Background: In 2012, the Centers for Disease Control and Prevention launched the Long-term Care Facility (LTCF) Component of the National Healthcare Safety Network (NHSN) designed for LTCFs to monitor Clostridium difficile infections (CDIs), urinary tract infections (UTIs), infections due to multidrug-resistant organisms, including methicillin-resistant Staphylococcus aureus (MRSA), and infection prevention process measures.
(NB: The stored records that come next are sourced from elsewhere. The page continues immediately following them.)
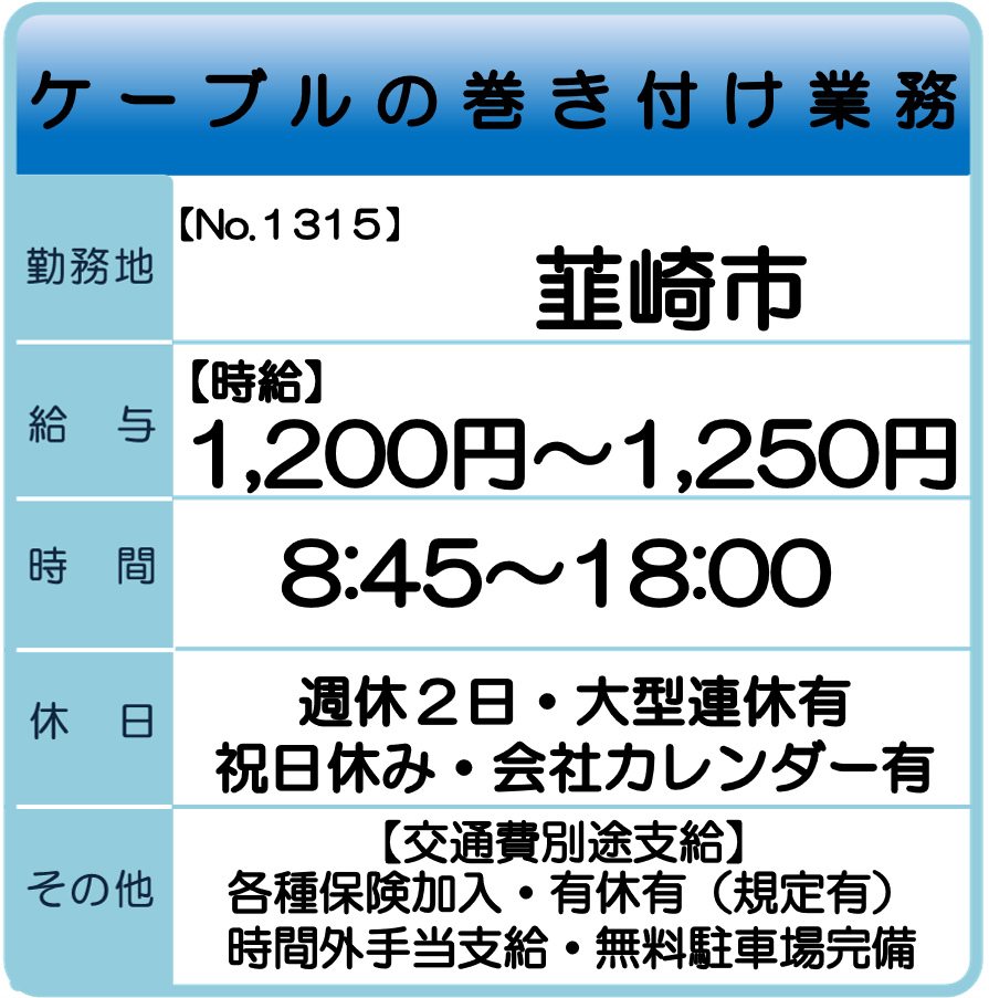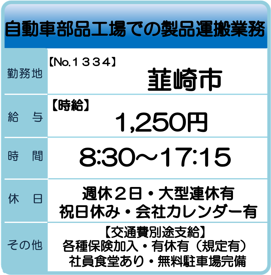 韮崎市 求人情報 【お仕事No.1334】 自動車部品工場での製品運搬業務 【お仕事No.Y1315】 ケーブルの巻き付け業務 自動車部品のプレス加工業務 【お仕事No.Y1292】 【お仕事No.1188】 医療プラスチック製品の検査・梱包業務 【お仕事No.1251】 セミクリーンルームでの自動車部品検査業務 一覧へ戻る 山梨支社求人情報へのお問合せ
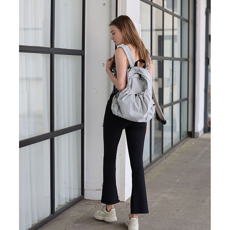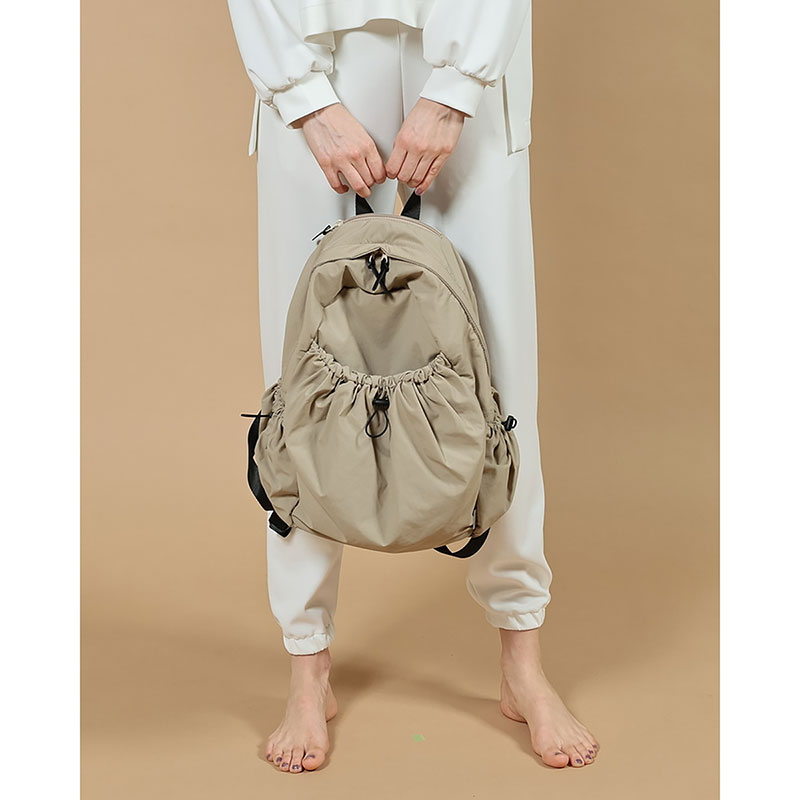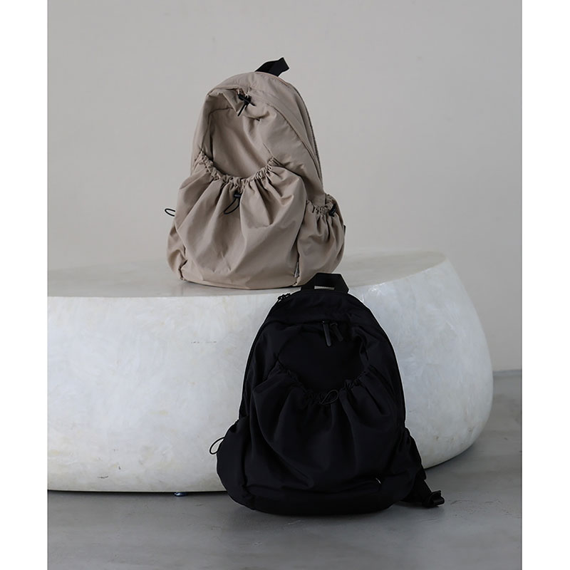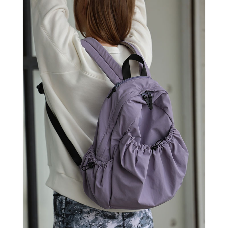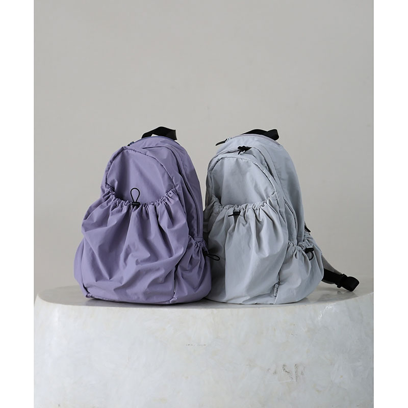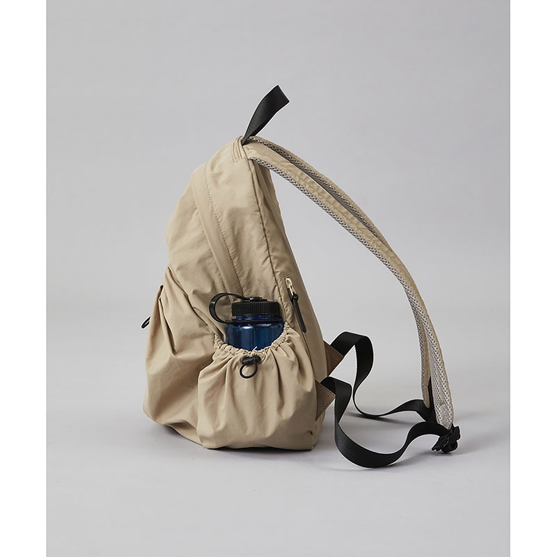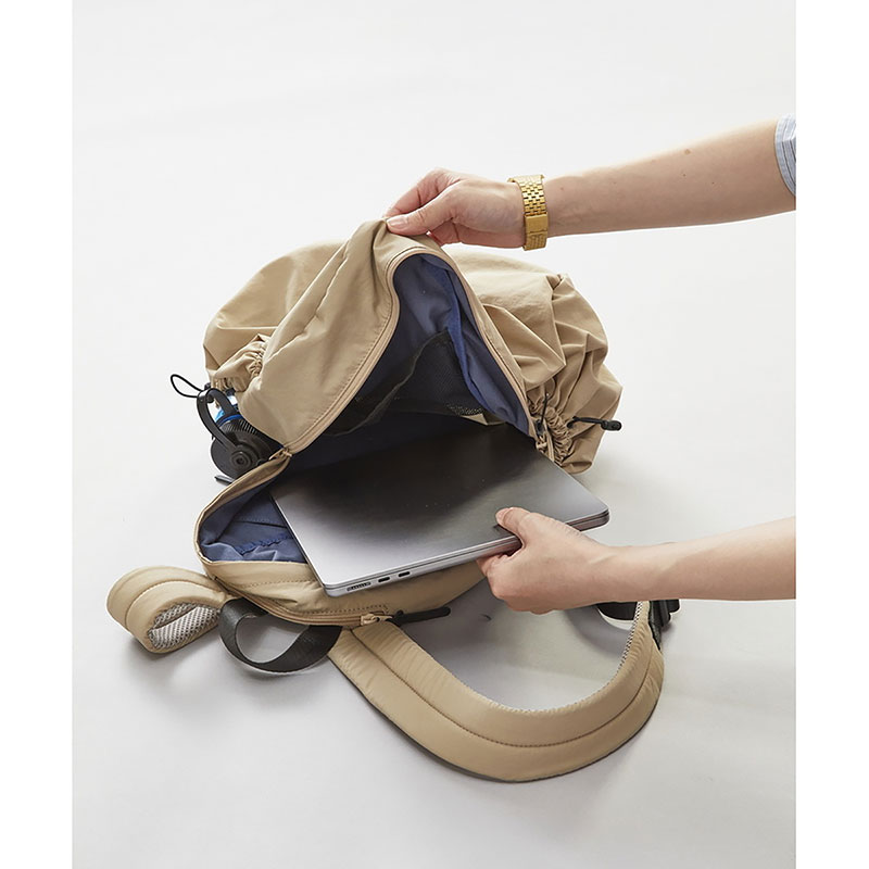 驚くほど軽い、撥水素材で雨の日も安心なリュックは、シンプルに見えて機能性抜群。表に5つのポケット、サイドにはペットボトル、背面には貴重品が入るファスナーポケット。鍵やイヤホンに便利な上部の小ポケットも。A4や13インチPC対応で、荷物が整理しやすいメッシュポケット付き。引き手がブラックで統一され、配色のアクセントが効いた大人カジュアルな一品です。
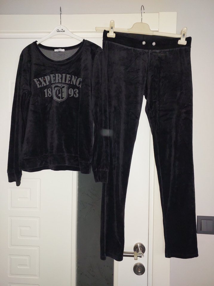 Siyah kadın spor takımı, rahat kesim, uzun kollu ve bisiklet yaka. Yumuşak polar kumaştan, "EXPERIENG" baskılı, günlük kullanıma uygun şık bir model. marka temsilidir herşey fotoğrafta mevcut
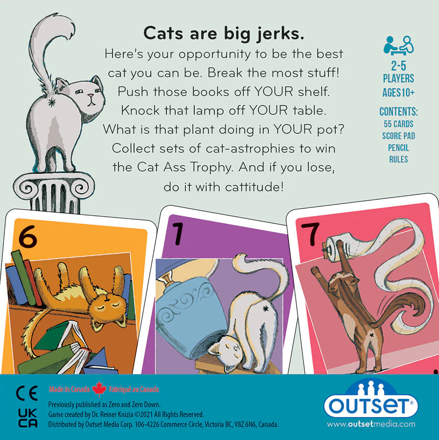 Cats are ass%*@s. Here's your opportunity to be the best cat you can be. Break the most stuff! Push that wine glass off YOUR countertop. Knock that lamp off YOUR table. What is that plant doing in YOUR pot? Collect sets of cat-astrophies to win the Cat Ass Trophy.
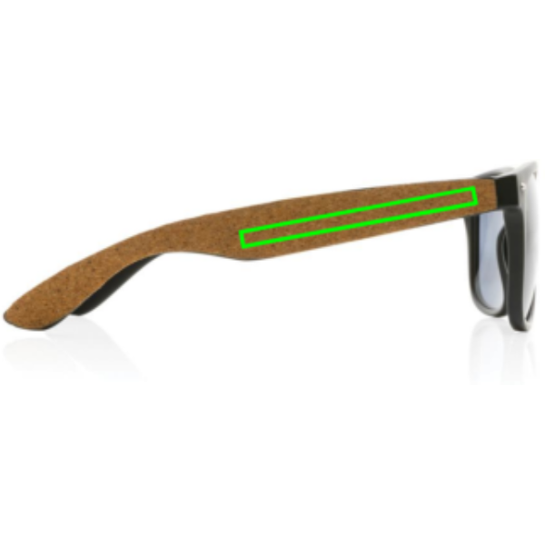 Päikeseprillid on valmistatud GRS-i sertifikaadiga taaskasutatud arvutiraamist. Raami taaskasutatud sisaldus on 100%. Taaskasutatud kogusisaldus: 68% eseme kogukaalust. GRS-sertifikaat tagab taaskasutatud materjalide täielikult sertifitseeritud tarneahela. FSC® korkdetailidega välimistel templitel. Läätsed on suitsuakrüülist ja vastavad standarditele EN ISO 12312-1, UV 400 ja CAT 3. Pakitud FSC® kraftpakendisse
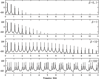 FM에 의해 생성된 음색은 다양한 배음을 담고 있고, 파라미터를 변경해서 배음 구조를 변경가능합니다.
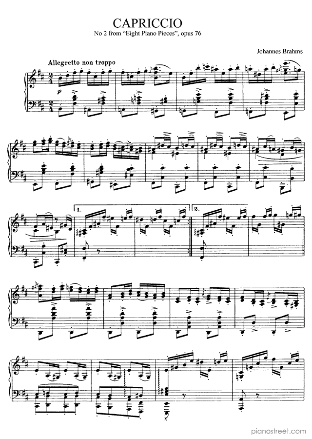 Capriccio Op. 76 No. 2 in B Minor, a composition by the early romantic composer Johannes Brahms. The piano score of this piece was first published in 1878 and is part of Eight Pieces (Klavierstück) by Brahms.
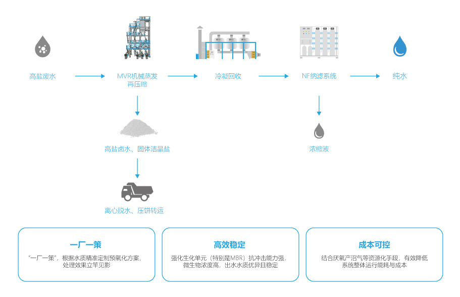 高效蒸发脱盐:采用国际领先的MVR(机械蒸汽再压缩)或多效蒸发技术,将废水中的水分蒸发出来形成高品质中水,污染物则被浓缩为高盐卤水乃至固体结晶盐,实现水与盐的彻底分离。
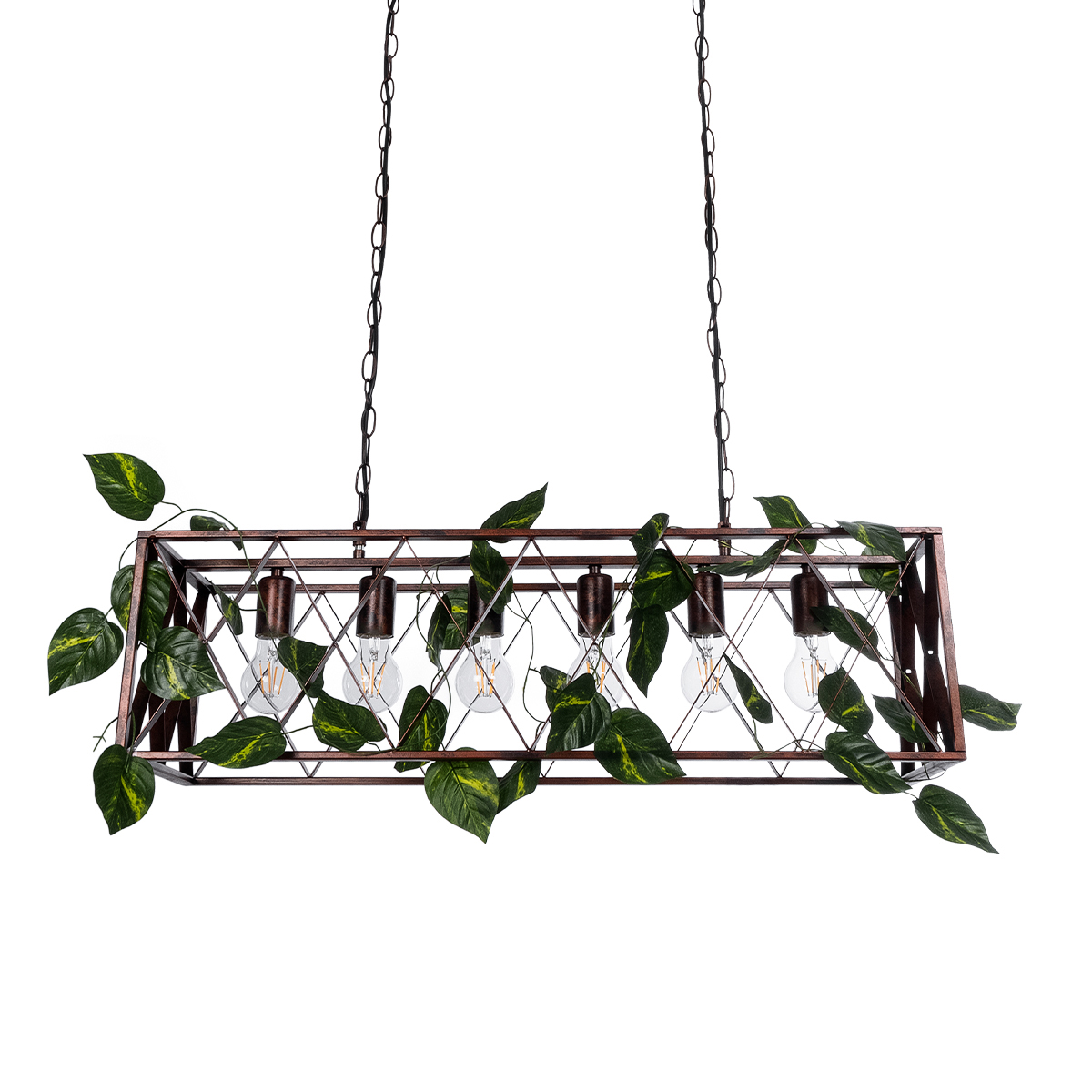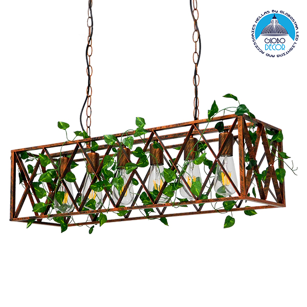 GloboStar® CLARITY 00963 Vintage Industrial Κρεμαστό Φωτιστικό Οροφής Πολύφωτο Καφέ Σκουριά Μεταλλικό Πλέγμα Μ78 x Π25 x Υ22cm
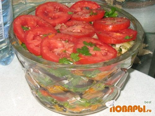 Морковь шинкуем мелкой соломкой и прижариваем слегка на растительном масле, помидоры режем пластинками, болгарский перец режем соломкой, чеснок мелко рубим, укроп и петрушку мелко режем.
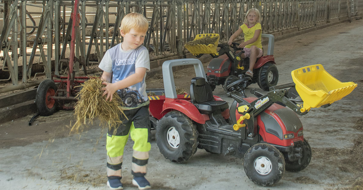 Bøndene er samde om at det er ei viktig prioritering. Ungane på garden, Martha og Sivert, er også med i fjøset. Fôrbrettet er ein fin trasé for trøtraktoren.
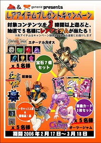 ○キャンペーン説明 【内容】 公認ネットカフェにて、対象コンテンツを3時間以上遊ぶと、キャンペーン終了後に抽選で各タイトル5名様にレアアイテムが当たります。
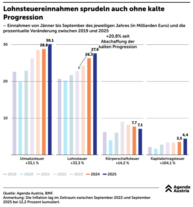 Die Regierung bereitet die Öffentlichkeit auf „notwendige“ höhere Steuern vor – doch die Zahlen erzählen eine andere Geschichte. Seit 2019 sind die Einnahmen aus Lohnsteuer und Umsatzsteuer um rund 33 Prozent gestiegen. Der Staat hat die Inflation also nicht nur mitgenommen, sondern kräftig zu seinem Vorteil genutzt. Selbst nach der Abschaffung der kalten Progression legte die Lohnsteuer seit 2022 nochmals um 20,8 Prozent zu, wie eine Auswertung der Agenda Austria zeigt.
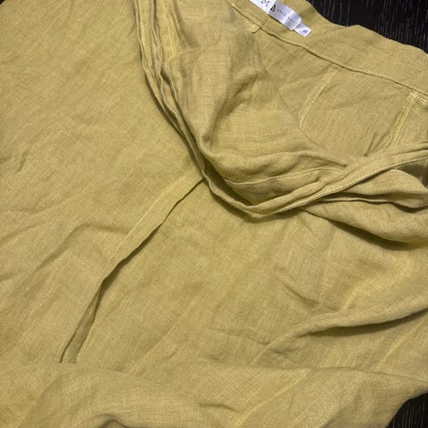 Kuvien mukainen kauniisti laskeutuva pellavahame. Sivulla vetoketjukiinnitys ja sivuilla myös pienet taskut. Hyväkuntoinen. Menee mielestäni hyvin myös S kokoiselle. Joitakin mittoja löytyy kuvista. Koiratalous, joten jokunen karva voi tulla mukana putsauksesta huolimatta.
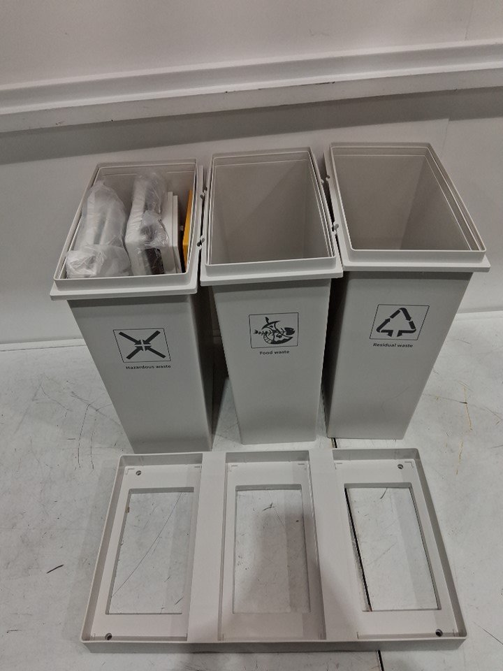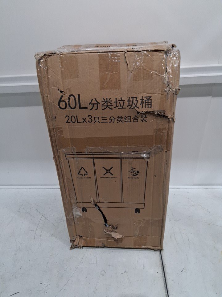 GOOFCXO 3-Compartment Sorting Trash, Recycling and Compost Bin - 60L (20L Each Bin) - White
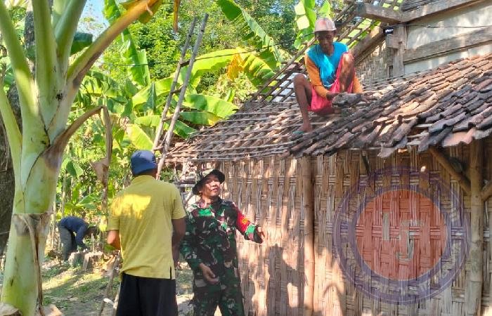 NGAWI lintasjatimnews – Anggota Koramil Widodaren Kodim 0805/Ngawi Serka Sambang melaksanakan kerja bakti dengan warga masyarakat dengan sasaran pembongkaran rumah mbah Simun (71) warga Desa Sidolaju Kecamatan Widodaren, Rabu (26/02/25).

Methods: We describe characteristics and reporting patterns of facilities enrolled in the first 3 years of the surveillance system and rate estimates for CDI, UTI, and MRSA data submitted between 2013 and 2015.

Results: From 2013-2015, 279 LTCFs were enrolled and eligible to report to the NHSN with variability in reporting from year to year. Crude rate estimates pooled over these 3 years from reporting facilities were 0.98 incident LTCF-onset CDI cases per 10,000 resident days, 0.59 UTI cases per 1,000 resident days, and 0.10 LTCF-onset MRSA cases per 1,000 resident days.

Conclusions: These initial data demonstrate the capability of the NHSN LTCF Component as a national surveillance system for monitoring infections in LTCFs. Further investigation is needed to understand factors associated with successful enrollment and reporting. As participation increases, data from a larger group of LTCFs will be used to establish national baselines and track prevention goals.